How Postgres Stores Rows

Posted at — Feb 7, 2022

Out of curiosity, I was trying to understand how PostgreSQL stores the data onto the disk and there are a few interesting things that I have noticed that might be useful for application developers. In this post, I will try to go into the implementation level details and map out how PostgreSQL row storage really works.

Just to be clear, PostgreSQL stores a lot of files on disk such as transaction commit data, subtransaction status data, write ahead logs (WAL), etc. I will only be exploring heap files. Now what the heck is a heap file? A heap file is just a file of records. Note that the heap file has got nothing to do with heap memory. Although their use case is very similar, which is storing dynamic data.

How rows are organized in files?

PostgreSQL stores the actual data into segment files (more generally called heap files). Typically its fixed to 1GB size but you can configure that at compile time using --with-segsize. When a table or index exceeds 1 GB, it is divided into gigabyte-sized segments.
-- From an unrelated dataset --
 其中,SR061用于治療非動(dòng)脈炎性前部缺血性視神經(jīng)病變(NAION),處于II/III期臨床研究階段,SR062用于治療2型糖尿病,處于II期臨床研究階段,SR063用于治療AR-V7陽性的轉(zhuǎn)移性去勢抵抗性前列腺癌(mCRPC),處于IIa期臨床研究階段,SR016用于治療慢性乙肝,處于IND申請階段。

This arrangement avoids problems on platforms that have file size limitations but 1GB is very conservative choice for any modern platform.
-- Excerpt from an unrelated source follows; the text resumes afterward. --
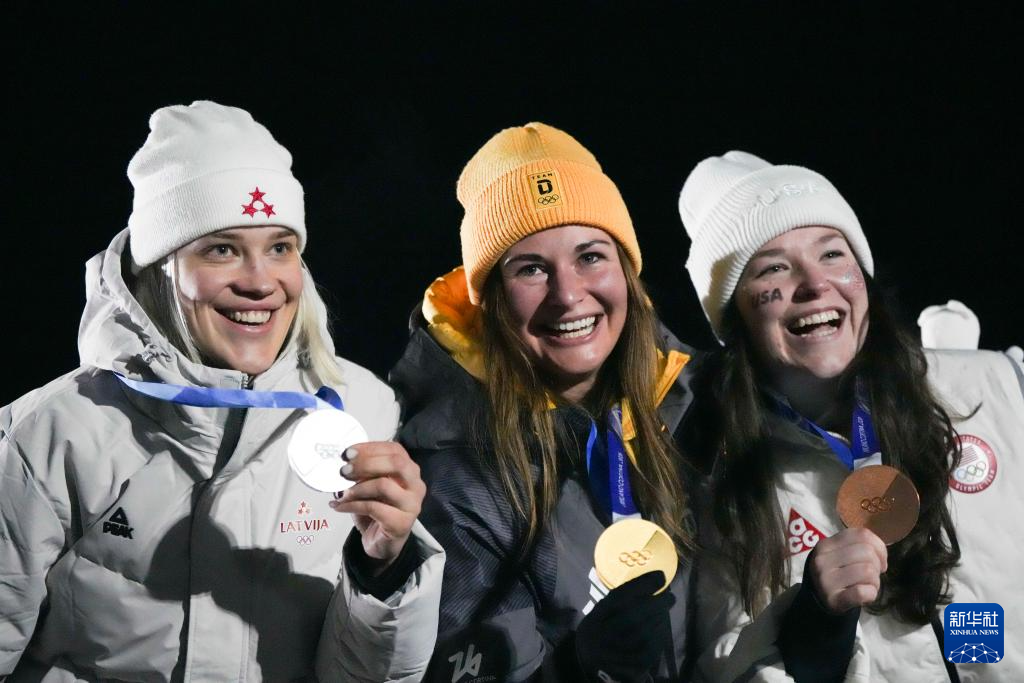2月10日,冠军德国选手陶比茨(中),亚军拉脱维亚选手博塔(左),季军美国选手阿什莉·法夸尔森在颁奖仪式上合影。

These segment files contain data in fixed size pages which is usually 8Kb, although a different page size can be selected when compiling the server with --with-blocksize option but this size usually falls in ideal size when considering performance and reliability tradeoffs. If the page size is too small, rows won’t fit inside the page and if it’s too large there is risk of write failure because hardware generally can only guarantee atomicity for a fixed size blocks which can vary disk to disk (usually ranges from 512 bytes to 4096 bytes).

Pages themselves are organized in a layout something like following:

lp(1..N) is line pointer array. It points to a logical offset within that page. Since these are arrays, elements are fixed sized but the number of elements can vary.
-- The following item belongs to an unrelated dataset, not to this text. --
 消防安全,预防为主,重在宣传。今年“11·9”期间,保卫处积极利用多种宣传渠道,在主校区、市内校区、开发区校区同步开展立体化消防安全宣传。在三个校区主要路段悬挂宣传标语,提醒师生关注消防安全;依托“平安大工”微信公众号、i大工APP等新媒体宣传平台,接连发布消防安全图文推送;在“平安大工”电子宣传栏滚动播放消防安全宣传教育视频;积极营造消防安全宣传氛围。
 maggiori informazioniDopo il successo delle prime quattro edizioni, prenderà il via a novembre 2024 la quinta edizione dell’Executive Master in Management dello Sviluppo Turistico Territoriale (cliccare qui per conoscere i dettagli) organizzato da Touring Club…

row(1..N) represents actual SQL rows. They are added in reverse order within a page. They are generally variable sized and in order to reach to a specific tuple we use line pointer. Since there can be variable number of rows inside a page, items are added backward while line pointer is added to front.

special space is typically used when storing indexes in these page, usually sibling nodes in a B-Tree for example. For table data this is not used.

lower and upper pointer mark the locations that have already been used in a page. Thus, (upper - lower) determines if a page has already been used.

page header itself is not that interesting, it just contains book-keeping stuff related a page including lower and upper pointer. It’s structure looks like this:

field	size	description
pd_lsn	8 bytes	LSN: next byte after last byte of WAL record for last change to this page
pd_checksum	2 bytes	Page checksum
pd_flags	2 bytes	Flag bits
pd_lower	2 bytes	Offset to start of free space
pd_upper	2 bytes	Offset to end of free space
pd_special	2 bytes	Offset to start of special space
pd_pagesize_version	2 bytes	Page size and layout version number information
pd_prune_xid	4 bytes	Oldest unpruned XMAX on page, or zero if none

Now, this method of storage has few implications.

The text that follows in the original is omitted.